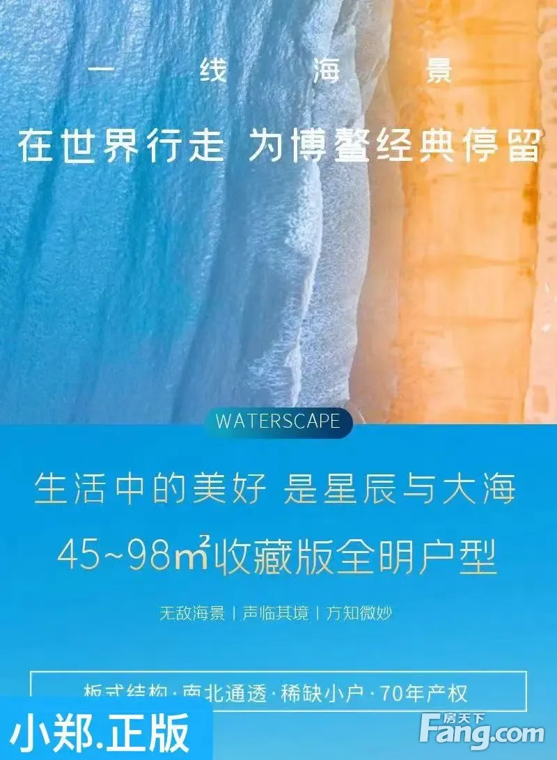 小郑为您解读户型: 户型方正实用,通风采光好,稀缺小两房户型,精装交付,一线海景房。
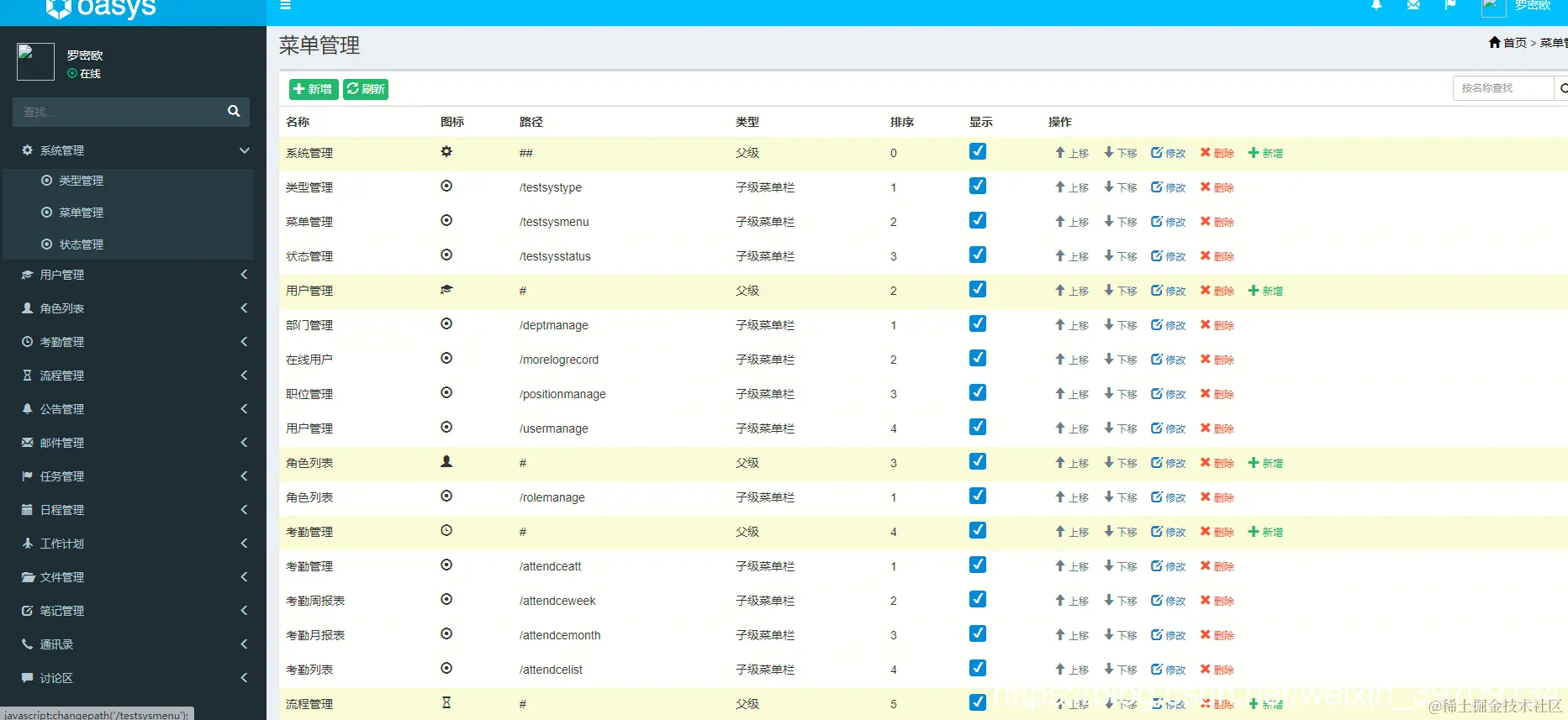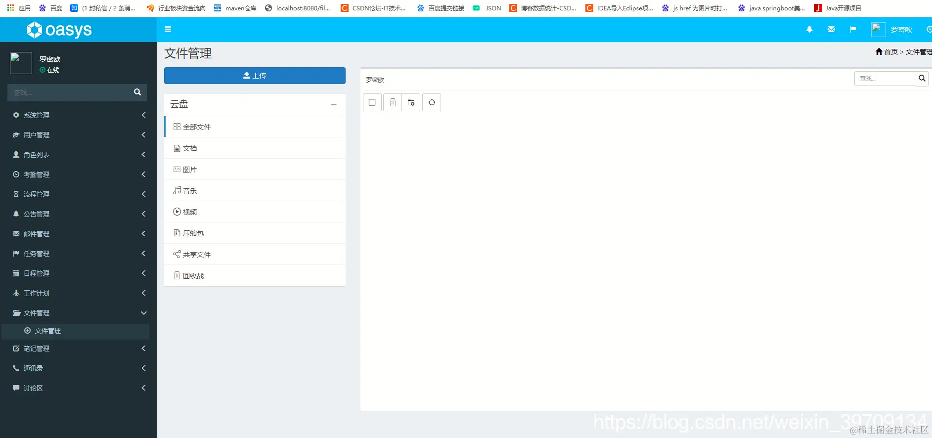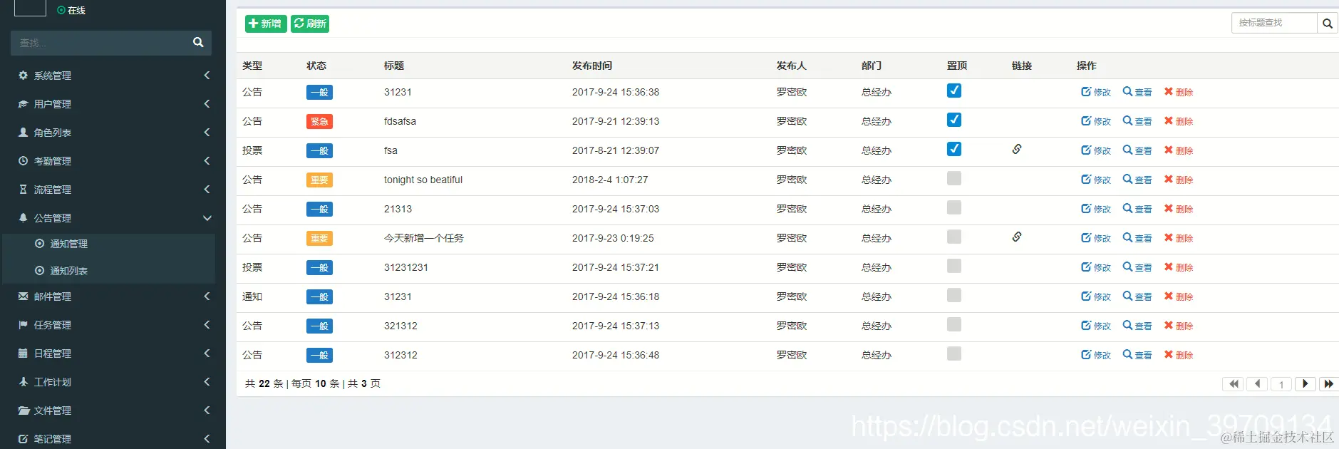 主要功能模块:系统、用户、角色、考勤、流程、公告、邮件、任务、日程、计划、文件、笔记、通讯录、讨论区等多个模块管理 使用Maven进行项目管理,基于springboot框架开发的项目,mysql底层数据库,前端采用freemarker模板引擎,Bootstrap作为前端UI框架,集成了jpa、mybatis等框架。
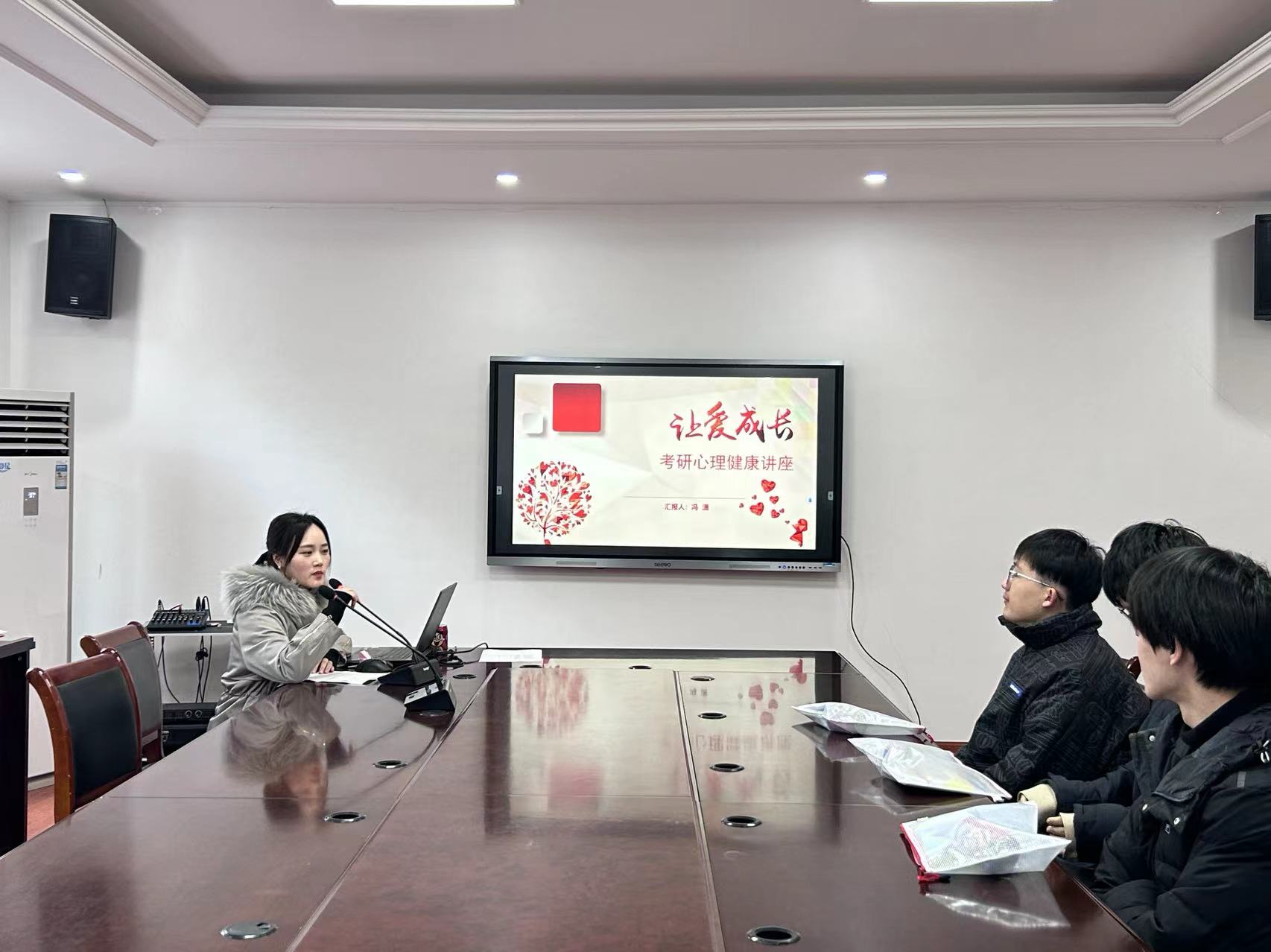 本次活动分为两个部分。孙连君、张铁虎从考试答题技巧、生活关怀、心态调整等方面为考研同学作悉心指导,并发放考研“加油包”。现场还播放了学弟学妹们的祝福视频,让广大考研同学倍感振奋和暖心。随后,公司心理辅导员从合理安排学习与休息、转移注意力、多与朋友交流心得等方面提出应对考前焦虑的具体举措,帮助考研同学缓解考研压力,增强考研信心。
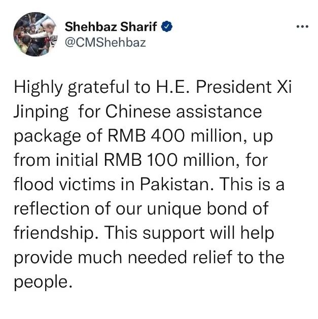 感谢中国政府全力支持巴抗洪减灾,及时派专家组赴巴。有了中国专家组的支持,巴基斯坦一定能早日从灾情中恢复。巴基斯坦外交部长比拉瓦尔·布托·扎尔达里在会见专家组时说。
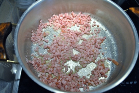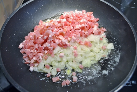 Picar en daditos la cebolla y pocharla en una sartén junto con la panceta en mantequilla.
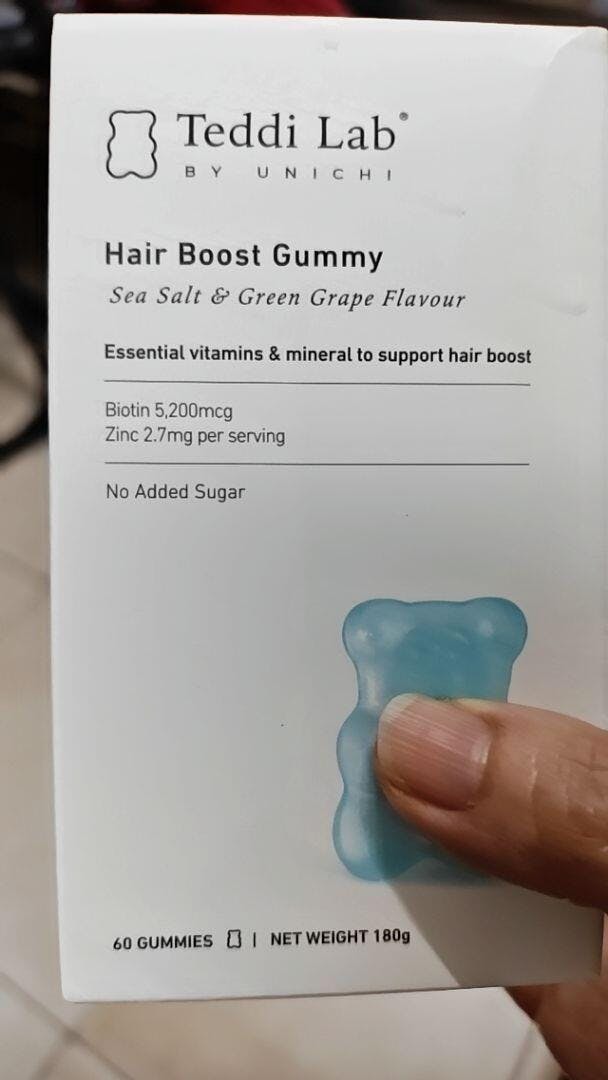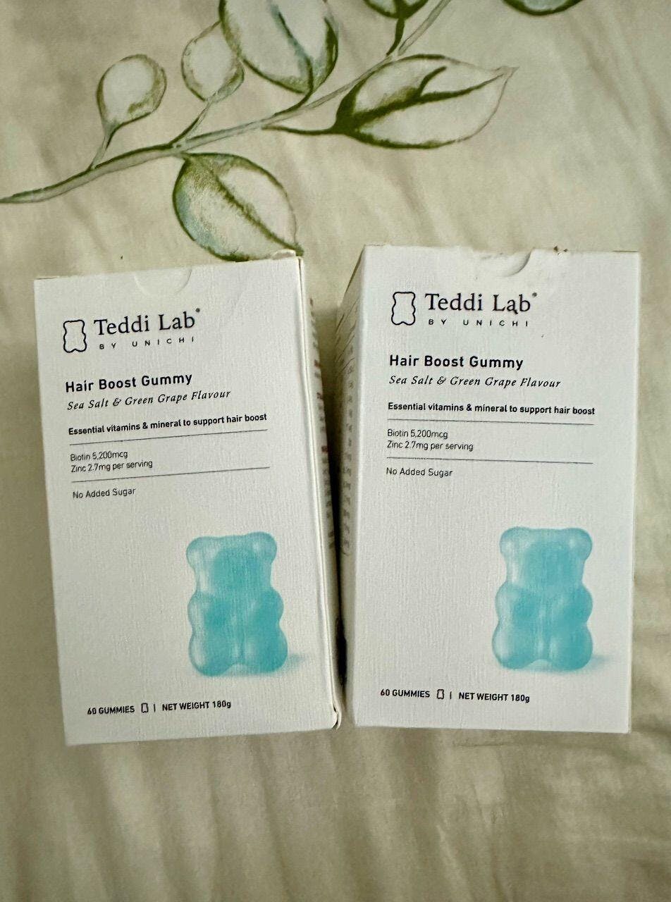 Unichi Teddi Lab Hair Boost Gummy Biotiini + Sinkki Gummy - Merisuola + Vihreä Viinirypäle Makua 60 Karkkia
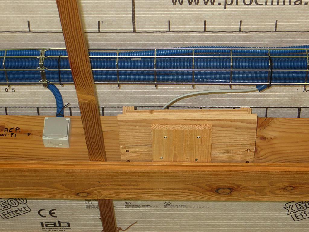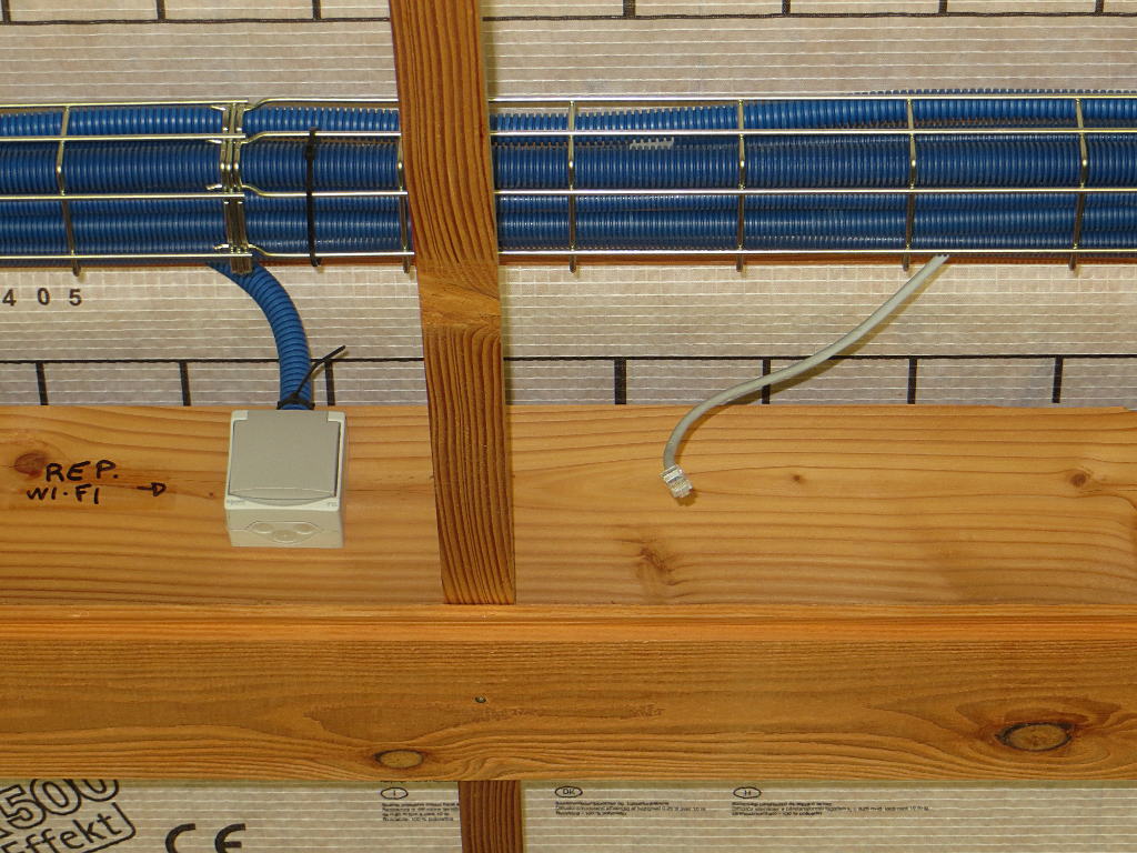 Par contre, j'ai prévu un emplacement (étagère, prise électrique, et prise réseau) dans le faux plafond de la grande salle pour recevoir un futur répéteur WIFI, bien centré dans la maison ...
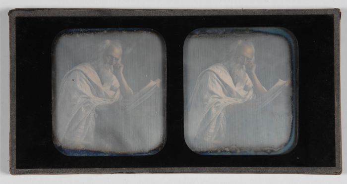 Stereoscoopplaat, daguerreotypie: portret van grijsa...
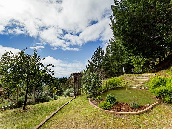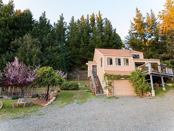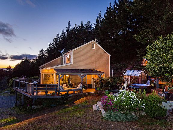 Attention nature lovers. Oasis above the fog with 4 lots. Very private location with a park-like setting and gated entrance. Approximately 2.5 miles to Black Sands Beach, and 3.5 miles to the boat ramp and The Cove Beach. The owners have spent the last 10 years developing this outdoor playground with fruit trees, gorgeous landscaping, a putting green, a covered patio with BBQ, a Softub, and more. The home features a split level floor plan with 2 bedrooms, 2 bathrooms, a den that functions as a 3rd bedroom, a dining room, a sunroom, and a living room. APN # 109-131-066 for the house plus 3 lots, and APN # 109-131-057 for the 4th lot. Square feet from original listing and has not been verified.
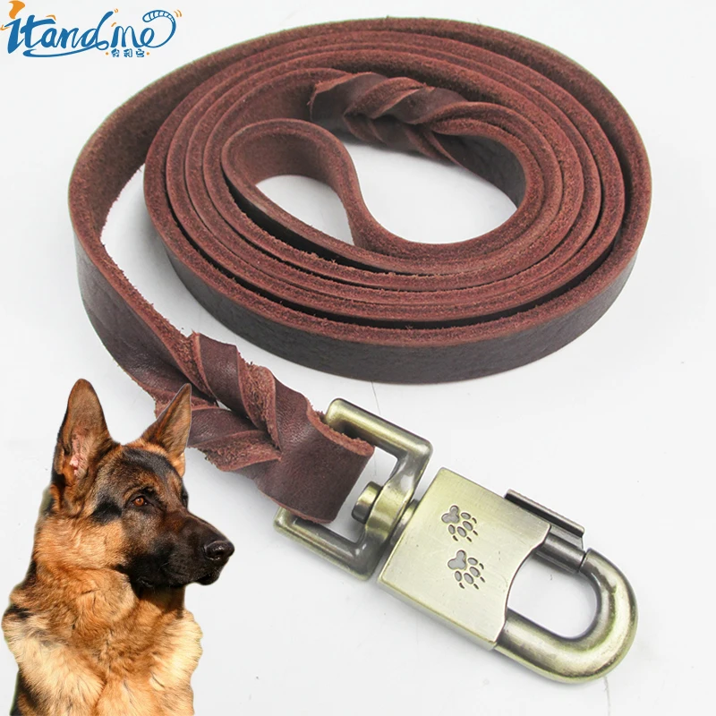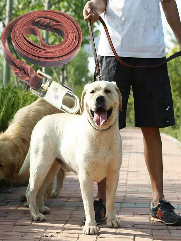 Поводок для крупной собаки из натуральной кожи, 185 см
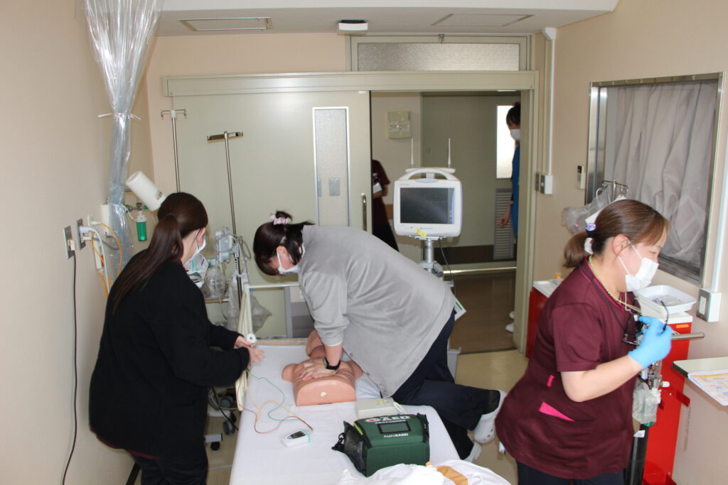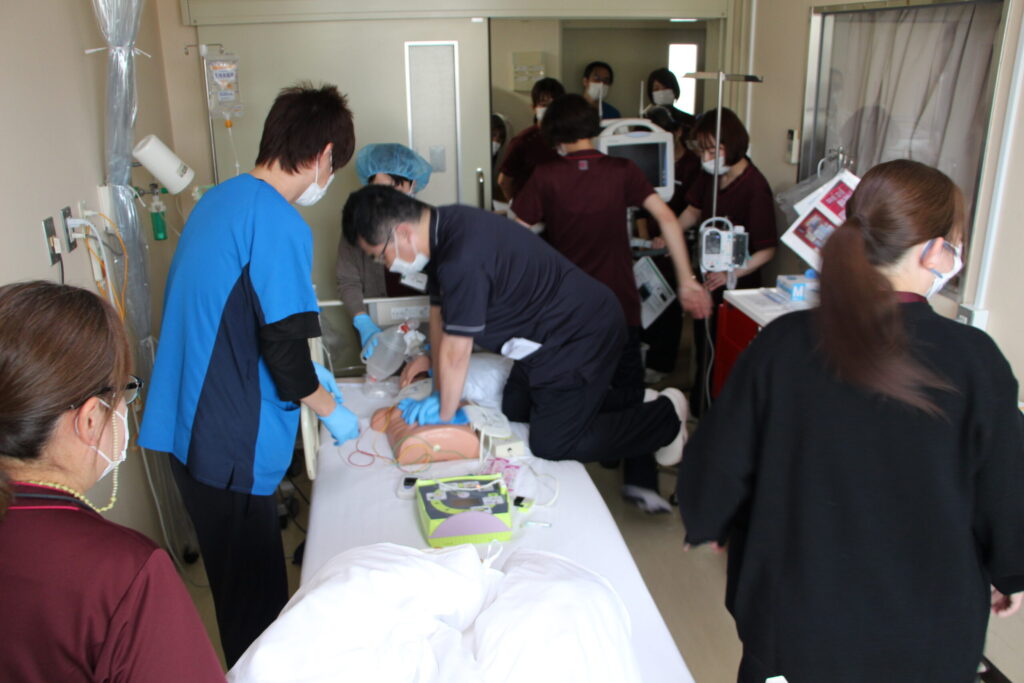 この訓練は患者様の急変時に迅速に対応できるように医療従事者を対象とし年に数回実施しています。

****************

WORK REQUEST
Among the entries above, copy exactly the stretch from the line holding "感谢中国政府全力支持巴抗洪减" through the line holding "Stereoscoopplaat, daguerreotypie: portret", leaving out any pictures.

SOLUTION TO THE EXERCISE
 感谢中国政府全力支持巴抗洪减灾,及时派专家组赴巴。有了中国专家组的支持,巴基斯坦一定能早日从灾情中恢复。巴基斯坦外交部长比拉瓦尔·布托·扎尔达里在会见专家组时说。
 Picar en daditos la cebolla y pocharla en una sartén junto con la panceta en mantequilla.
 Unichi Teddi Lab Hair Boost Gummy Biotiini + Sinkki Gummy - Merisuola + Vihreä Viinirypäle Makua 60 Karkkia
 Par contre, j'ai prévu un emplacement (étagère, prise électrique, et prise réseau) dans le faux plafond de la grande salle pour recevoir un futur répéteur WIFI, bien centré dans la maison ...
 Stereoscoopplaat, daguerreotypie: portret van grijsa...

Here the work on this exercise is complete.